A still from “The Inventor: Out for Blood in Silicon Valley” by Alex Gibney, an official selection of the Documentary Premieres program at the 2019 Sundance Film Festival. Courtesy of Sundance Institute | photo by Drew Kelly.

At times, Gibney goes a bit too melodramatic. The toy music box twinkling foreshadows a dream becoming a nightmare, but it gets maddening after an hour straight. The pacing feels uneven, sometimes bogged down in Holmes’ personal relationships when later it seems to speed through the company’s collapse.

Though elsewhere, the director harnesses the nervous laughter coping mechanism of the former employees to inject humor into the grim tale. With accuracy so low, Shultz jokes that “if people are testing themselves for syphilis with Theranos, there’s going to be a lot more syphilis in the world.” Visual dramatizations of journalists’ audio recordings of Holmes and the eventual legal disputes bring this evidence to life.

Alex Gibney, director of “The Inventor: Out for Blood in Silicon Valley,” an official selection of the Documentary Premieres program at the 2019 Sundance Film Festival. Courtesy of Sundance Institute.

The most touching scene sees Fortune’s Roger Parloff on the brink of implosion as he grapples with giving Holmes her first magazine cover story — momentum she used to eventually get Theranos’ useless hardware in front of real patients who depended on its results.

The Inventor succeeds at instilling the lesson without getting too preachy. It’s fine to be hopeful, but don’t ignore your concerns no matter how much you want something to be real. It takes an incredibly complex sequence of events and makes it at once gripping and informative. If you haven’t read “Bad Blood” or found it drab, “The Inventor” conveys the gravity of the debacle with a little more flare.

Yet the documentary also gives Holmes a bit too much benefit of the doubt, suggesting that hey, at least she was trying to do good in the world. In the after-film panel, Gibney said, “She had a noble vision . . . I think that was part of why she was able to convince so many people and convince herself that what she was doing was great, which allowed her to lie so effectively.” Carreyrou followed up that “she was not intending to perpetrate a long con.”

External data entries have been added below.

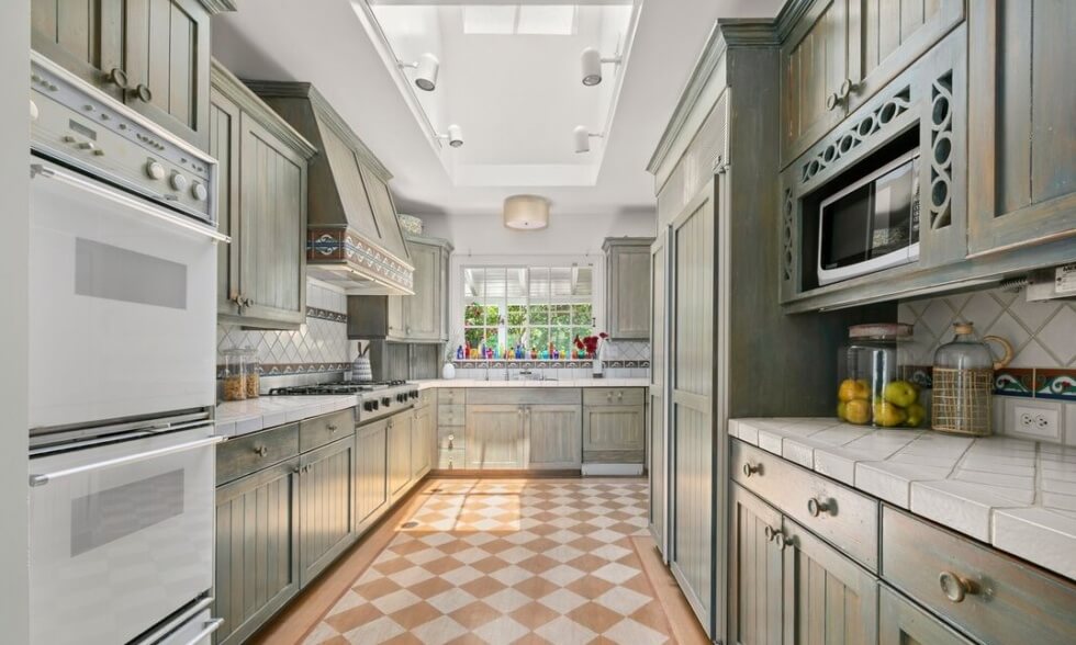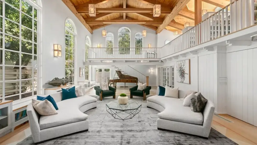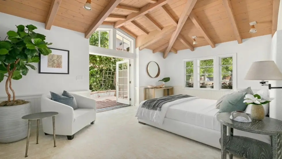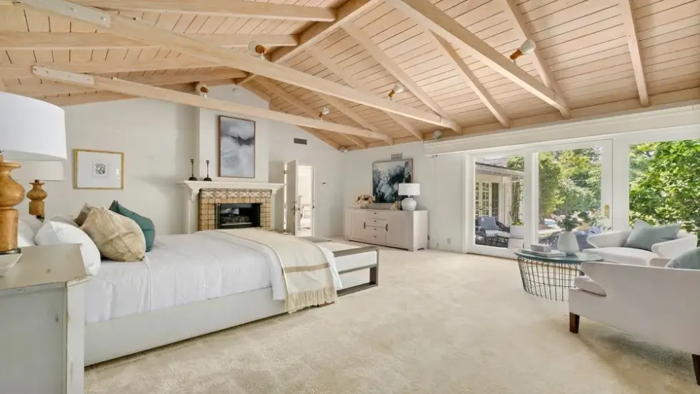 For its interiors, the Contrapuntal House boasts soaring wood-beamed ceilings, a cozy fireplace featuring Malibu tiles, and skylights that brighten the spaces. Moreover, a giant wall of French doors in the dining room overlooks the garden while the gourmet kitchen looks out to the pool.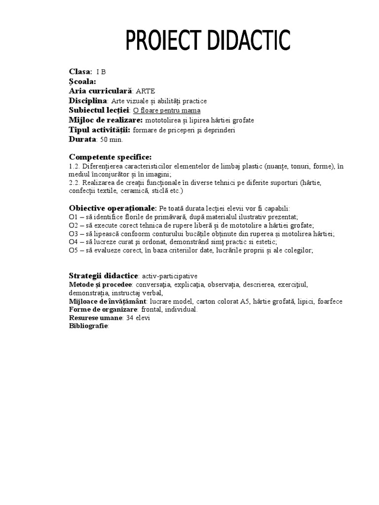 Mijloace de învăţământ: lucrare model, carton colorat A5, hârtie grofată, lipici, foarfece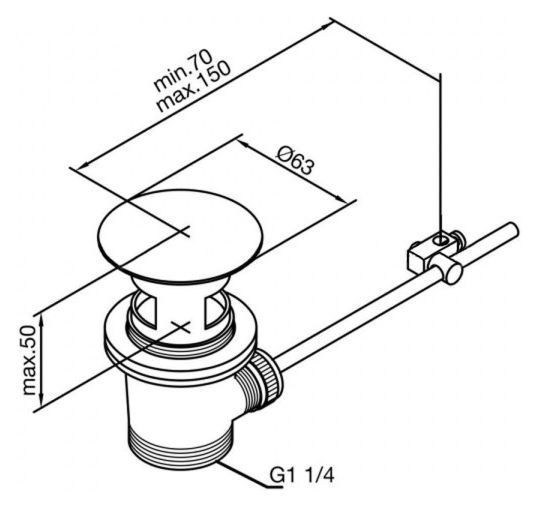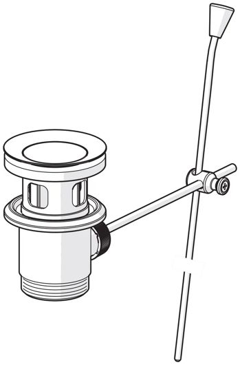 Заглушка клапана устанавливается в сливном отверстии чаши, обеспечивая герметичность раковины при заполнении водой. Монтажное соединение клапана и сливного патрубка сифона выполняется посредством винтового крепления. Для управления системой устанавливается тяга, соединенная с рычагом переходником.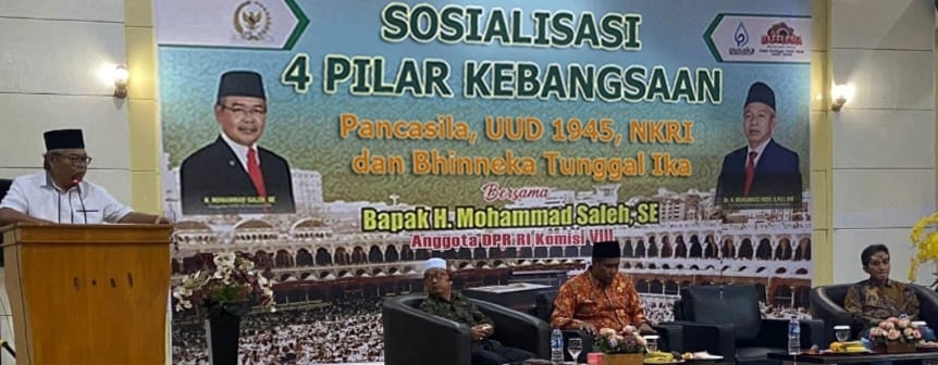 “Acara kali ini tidak saya maksudkan untuk mendiskusikan masalah penyelenggaraan haji. Meskipun tempatnya di aula asrama haji, pesertanya pengurus dan anggota IPHI Bengkulu, momentumnya juga berbarengan dengan persiapan pemberangkatan calon jamaah haji Indonesia tahun 2024, dan saya sendiri berada di Komisi VIII DPR RI yang bermitra dengan Kementerian Agama dan juga mengurus masalah haji. Semua itu hanya kebetulan. Karena acara ini adalah sosialisasi 4 pilar kebangsaan, seperti yang tertulis di spanduk besar di belakang saya,” ujar Mohammad Saleh yang disambut tepuk tangan dan tawa dari para peserta.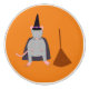 This awesome ceramic knob features a digital art image of a cute grey rat witch with pink ears, nose, feet and tail. The rat is wearing a black pointed hat with a gold buckle and purple stars all over it. The rats is also wearing a black cloak also covered in purple stars. Next to the rat is a brown broom made of twigs. This rat is dressed up ready for a Halloween party.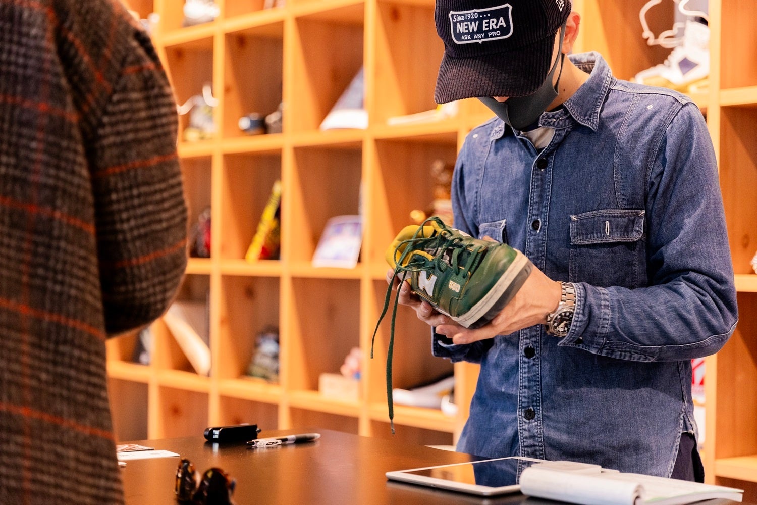 今回は、東京のスニーカーカルチャーを牽引しアイコニックなスニーカーショップとして、世界に向けて発信している「atmos(アトモス)」と初めてコラボレーションをし、日本のスニーカーストーリーを発信していくコンセプトストア「atmos 千駄ヶ谷店」にてPOP-UPを開催しました。 「Vibram SHOES REPAIR POP-UP」のメインコンテンツとしているシューズのリペア・カスタマイズオーダーは、今回に限り“スニーカー”を対象として実施。靴の知識と経験豊かな専門の職人がブースに立ち、お客様とのカウンセリングを行いました。お客様の想いがこもったスニーカーが職人の手に委ねられ、『どんな風に生まれ変わらせたいか?』などをヒアリングしながら、Vibramのソール各種の特長や相性なども踏まえ最適な組み合わせをご提案しました。毎シーズン100モデル以上のアウトソールを開発するVibram。POP-UP期間中は選りすぐりのほんの一部のソール展示やご提案となりましたが、お客様からは『こんなにソールの種類があるんですね』『スニーカーにもVibramをつけられるんだ!』『ずっとスニーカーのリペアをしたかった』などといった声が多く寄せられ、今回もリペアオーダーは多くのお申込みをいただき大好評となりました。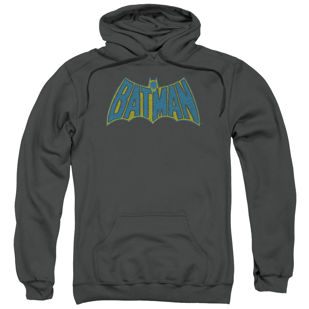 Batman Sketch Logo Mens Hoodie Charcoal throwback retro movie mens pullover hoodie

Yet that’s easier to say for both the director and the author when neither of their works truly investigated the downstream health impacts of Theranos’ false positives and false negatives. If they’d tracked down people who delayed critical treatment or had their lives upended by the fear of a disease they didn’t have, I doubt Holmes would be cut so much slack.

Some degree of “Fake it ’til you make it” might be essential to build hard technology startups. You must make people believe in something that doesn’t exist if you’re to pull in the funding and talent necessary to make it a reality. But it’s not just medical, hardware, or “atoms not bits” startups that must be allegiant to the truth. As Facebook and WhatsApps’ role in spreading misinformation that led to mob killings in India and Myanmar proved, having a grand mission doesn’t make you incapable of doing harm. A line must be drawn between optimism and dishonesty before it leads to drawing chalk outlines on the ground.